In 2010, GQ China interviewed six Chinese twentysomething members of the Sports Car Club. One notable quote came from a man dating a pretty woman, who then realized her car was “five years out of fashion.”

“Secondhand goods,” the SCC member said, ditching the girl. (GQ China was later forced to pull the issue after it emerged their reporter had not made it clear they were recording the conversations for publication).

Sports cars themselves have become intrinsically linked to corruption in the public imagination. Last year the 4 a.m. car crash of a $1 million Ferrari and subsequent cover-up led to the dramatic sidelining of a key Beijing politician (it's believed his son was driving the car, and may have been killed in it). One of the more light-hearted aspects of last year's Bo Xilai scandal was the constant discussion of what car his Harvard student son drives.

For many Chinese citizens, the SCC and sports cars in general seem to represent the big new problem in China — economic inequality.

For example, the monthly membership fees for the SCC are almost twice the average annual salary for Beijing (based on official 2011 data).
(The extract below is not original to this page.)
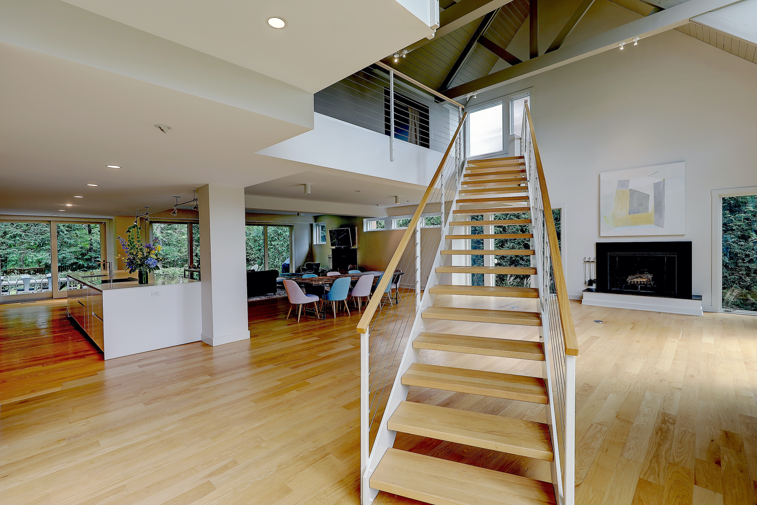 The central staircase is a focal point that leads up to the second level and its luscious master suite and two additional bedrooms.

Even if a person earning this salary paid no taxes and had no other expenses, it would take them almost 50 years to buy a Porsche Carrera GT at $448,000.

As Lily Kuo at Quartz notes, China's Gini coefficient (a measure of income inequality) was officially 0.47 in 2012, and other studies say it could be as high as 0.61. The global average is 0.44, and 0.61 would be 50 percent above the "risk level" for social unrest.

Exactly how the SCC feel about being a symbol of inequality isn't clear (interview requests put in to the group were not answered).

In one 2011 interview English-language interview, two members of the group were asked by a CCTV interviewer how they became so rich. They responded awkwardly, one explaining that he works in shipping and the other saying he is "running a company that's doing luxury branding and distribution."

It's also worth noting that not all of the members are spoiled young fuerdai — one magazine estimated that 30% of members were entrepreneurs themselves (the rest appeared to be second generation rich). Time Magazine spoke to Zhang Kuan, the founder of the Beijing branch, last year. Zhang came from a modest background — his first car was a Volkswagen.

"People in my generation, we always want the next thing," he told Time. "It's how we express ourselves and live our dreams."